Foch can have a high TA but often has some margin for deacidification. We've been getting Foch from NW Illinois the last few years and just planted an acre of it last year ourselves. I'm not convinced the grapes will sufficiently drop acid with additional hanging. Birds, sour rot, rain and fruit flies all pose greater risk to the grapes than higher acid, IMHO. I am growing its sister grape Leon Millot which can also have the same issues. I generally harvest it the first week of September.

Norton is the other problem child grape of ours that comes in with no pH headroom to deacidify. I haven't worked with Oberlin though.

Options that I've used are (in rough order of preference):
1) Blend in a low acid wine for final balancing prior to bottling. I find this to be a great option since you have complete control of the final blend for both flavor and acid. The blend also builds complexity into wines that may lack it to begin with. I love the french-american hybrid grapes but their flavor profile is simple, when compared with a Cab or Merlot.
2) Put the wine through malolactic while barrel aging.
3) De-acidify if possible but I don't allow the pH to top 3.75. Careful about how much the pH will increase with malolactic. 
4) Cold stabilize the wine to drop out some tartrate crystals. Again watch the pH as this will cause it to rise if it is above 3.65.
5) Consider acid consuming yeast strains. Though I'm not convinced this is necessary when followed with malolactic. Also not sure if it is worth using an inferior yeast like 71B instead of a better red wine yeast.

Good luck


----------



## spaniel (Jul 20, 2017)

NorCal said:


> What is your brix as well as pH, TA before and after adjustment?



A couple examples:

Oberlin Noir 2015
Must: 1.765% TA (by buret titration), 21 Brix, pH 3.13
Fermented with 71B, cold stabilized
Finish: pH 3.46, 0.88% TA
Used potassium bicarbonate and another cold stabilization. Didn't bother re-measuring numbers as my palate told me the pH went too high and the acid not low enough; gave up and drank it myself.

Foch 2015
Must: 20 Brix, pH 3.76, 1.04% TA. Brought Brix to 22.
Didn't want to add more acid to address the pH so I hoped for the best. Fermented with 71B, malolactic done and visually confirmed active, cold stabilized.
pH 3.80, 0.72 TA. Tart and flat. Decided to throw in the towel and use as a test batch for Acidex. Did that and cold stabilized.
pH 3.98, TA 0.70%.


----------



## spaniel (Jul 20, 2017)

jgmillr1 said:


> hey spaniel - I'm also in central Indiana and feel your pain about dealing with high pH/TA grapes.
> 
> Foch can have a high TA but often has some margin for deacidification. We've been getting Foch from NW Illinois the last few years and just planted an acre of it last year ourselves. I'm not convinced the grapes will sufficiently drop acid with additional hanging. Birds, sour rot, rain and fruit flies all pose greater risk to the grapes than higher acid, IMHO. I am growing its sister grape Leon Millot which can also have the same issues. I generally harvest it the first week of September.
> 
> ...



My Foch harvest date is exactly the same as yours.
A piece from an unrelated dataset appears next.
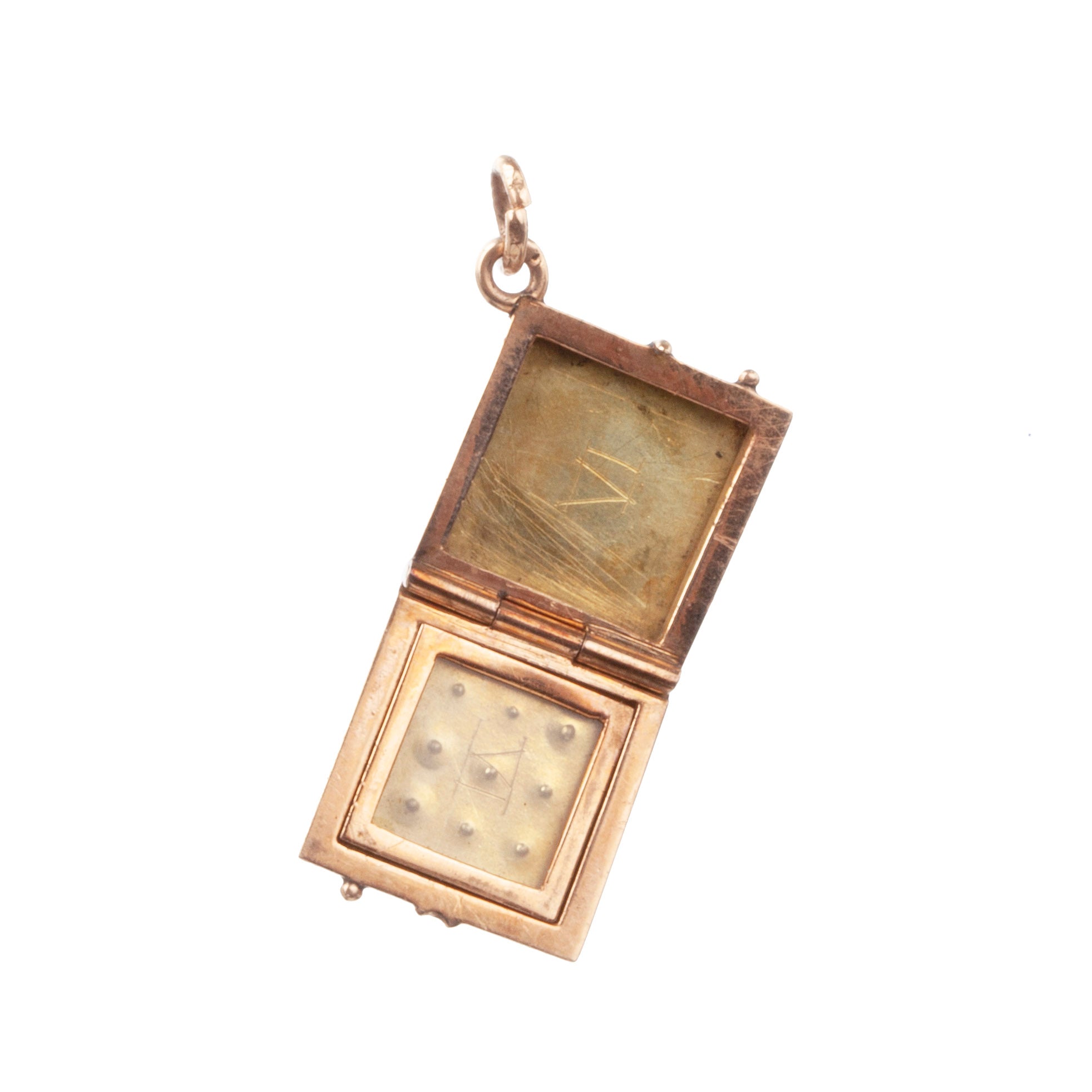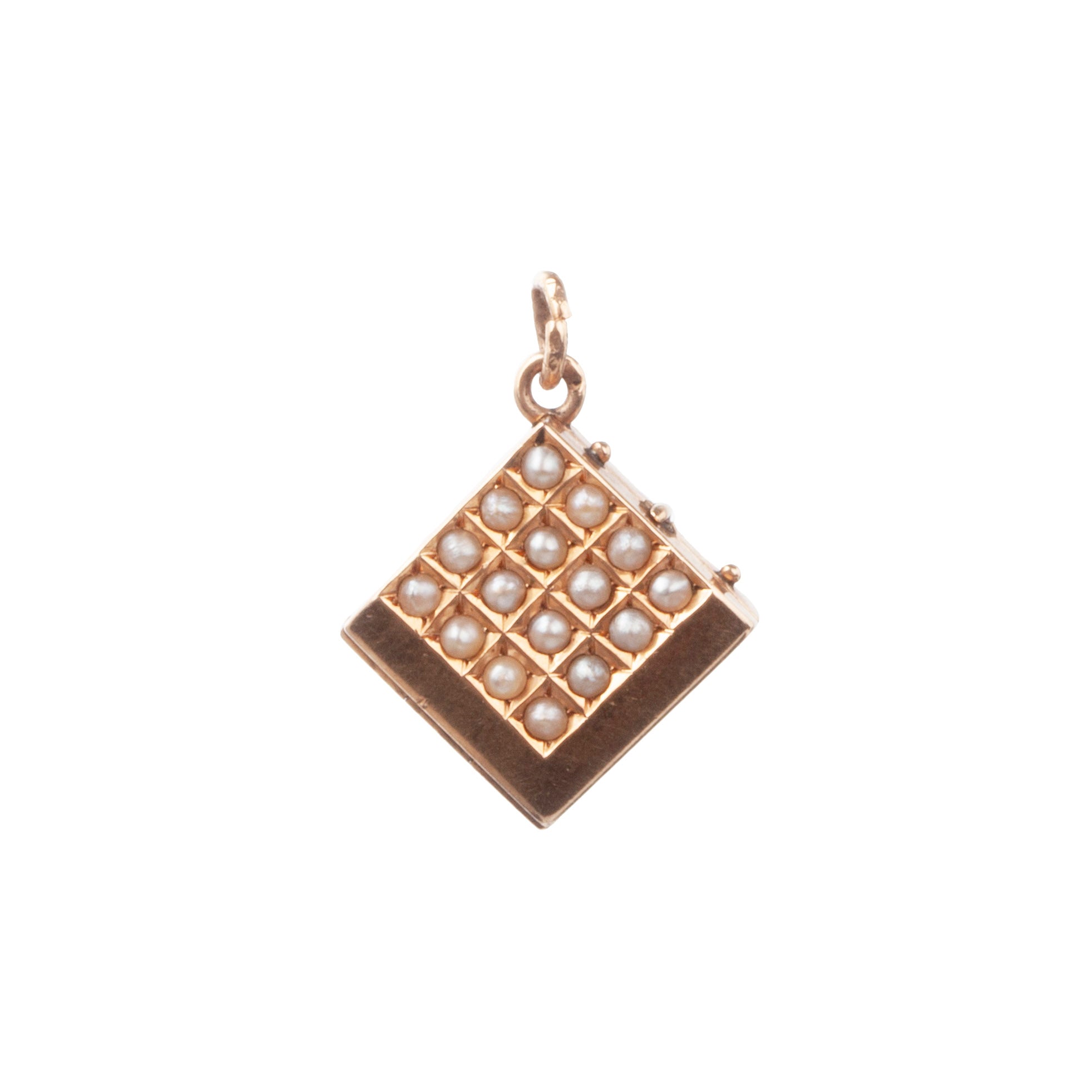 Victorian era pearl locket small, petite in size, in 9k rose gold. Original locket fixtures and glass are intact. Engraved "VI" on both interior sides of the locket. English in origin. Circa 1890.

I wish I could blend but thus far I have this issue with both (ie all) of my reds. Perhaps my Marquette will turn out on its first try and give me options.

I've tried everything else on the list, and now that I look at my notes, Acidex as well. I think I will try acid removal at the must stage this year and hope this has less impact on the flavor.


----------



## NorCal (Jul 21, 2017)

Wow, I had no idea how challenging these grapes were. I'll stop complaining about our 26 brix, 3.9 pH grapes.


----------



## stickman (Jul 22, 2017)

The acid adjustment issue is rather complicated and most of us have had to deal with it one way or another. Cold climate grapes have additional issues to consider. I stumbled across this document which may help with understanding how to deal with acid adjustment in general, but it also contains information specific to cold climate grape must adjustment. Just my opinion, but this seems to be a good write-up with technical as well as practical information. 
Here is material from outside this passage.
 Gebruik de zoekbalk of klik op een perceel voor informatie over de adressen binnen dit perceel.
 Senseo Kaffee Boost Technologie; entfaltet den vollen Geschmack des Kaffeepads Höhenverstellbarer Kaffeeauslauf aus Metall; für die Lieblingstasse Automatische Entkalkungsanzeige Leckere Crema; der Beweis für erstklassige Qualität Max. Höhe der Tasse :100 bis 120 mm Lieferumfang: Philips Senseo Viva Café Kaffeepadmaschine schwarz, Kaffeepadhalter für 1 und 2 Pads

View attachment MWP-Acidity-in-American-Wines.pdf


----------



## spaniel (Jul 22, 2017)

stickman said:


> The acid adjustment issue is rather complicated and most of us have had to deal with it one way or another. Cold climate grapes have additional issues to consider. I stumbled across this document which may help with understanding how to deal with acid adjustment in general, but it also contains information specific to cold climate grape must adjustment. Just my opinion, but this seems to be a good write-up with technical as well as practical information.



I've read a lot on this topic, and this is perhaps the most informative document I've seen. Thanks!!!


----------



## spaniel (Sep 17, 2017)

Harvested a couple weekends ago. We had a weird year; lots of water in the spring and through the third week of July and then NOTHING. Very dry, air as well. So instead of having to pull grapes before they rotted I could let them hang about a week longer than normal. pH on all three reds (Oberlin Noir, Foch, and Marquette) was in the happy range. I could not measure TA as my NaOH had gone bad. Sugar not as high as I would have wanted ideally but I'm very happy that I have the potential to make decent red this year!

The Marquette had to get so ripe that I lost about 25% of the crop to over-ripe to get the TA down this far. Should have picked a week earlier but work didn't allow. The Oberlin was strangely uniform in ripeness, you could tell it was different than normal as all the grapes were perfectly the same color all down the row.


----------